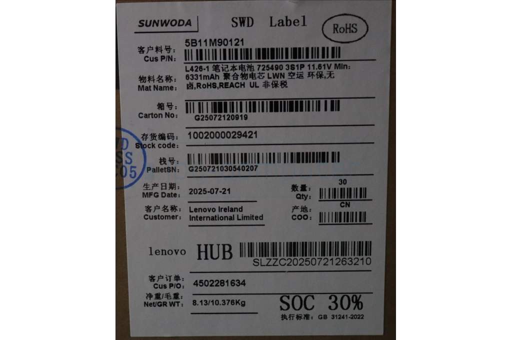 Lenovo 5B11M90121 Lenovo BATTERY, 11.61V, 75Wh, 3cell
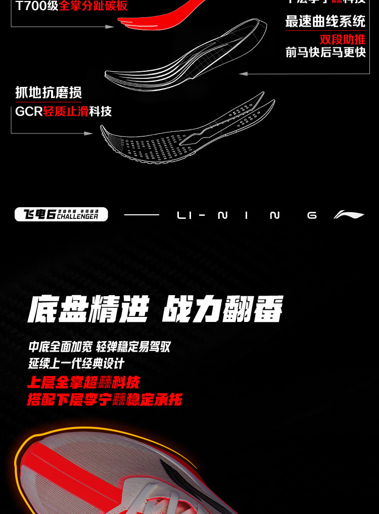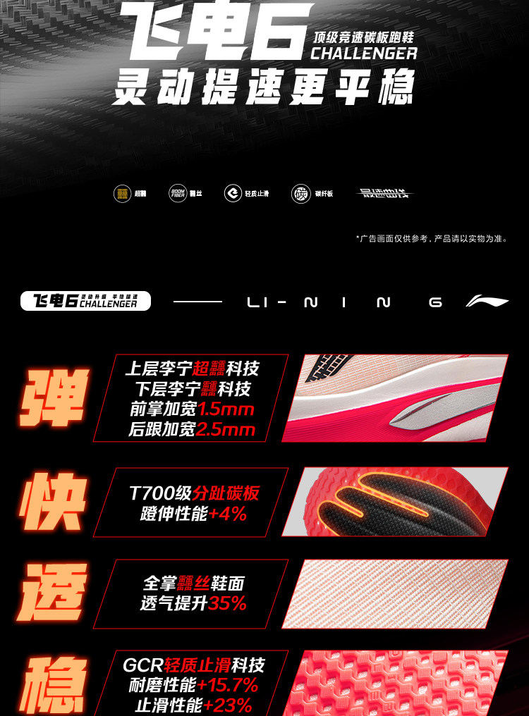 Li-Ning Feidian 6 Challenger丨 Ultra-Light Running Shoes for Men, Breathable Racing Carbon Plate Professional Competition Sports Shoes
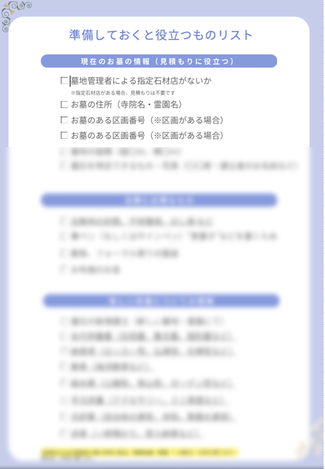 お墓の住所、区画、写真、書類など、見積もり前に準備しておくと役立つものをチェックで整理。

--

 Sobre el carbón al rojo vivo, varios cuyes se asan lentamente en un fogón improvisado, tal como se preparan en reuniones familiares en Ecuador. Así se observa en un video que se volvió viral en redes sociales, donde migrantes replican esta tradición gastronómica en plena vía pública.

What is expected:
Your answer should consist of the lines above between those holding "Lenovo 5B11M90121 Lenovo" and "お墓の住所、区画、写真、書類", inclusive, reproduced word for word and without pictures.

Solution for this exercise:
 Lenovo 5B11M90121 Lenovo BATTERY, 11.61V, 75Wh, 3cell
 Li-Ning Feidian 6 Challenger丨 Ultra-Light Running Shoes for Men, Breathable Racing Carbon Plate Professional Competition Sports Shoes
 お墓の住所、区画、写真、書類など、見積もり前に準備しておくと役立つものをチェックで整理。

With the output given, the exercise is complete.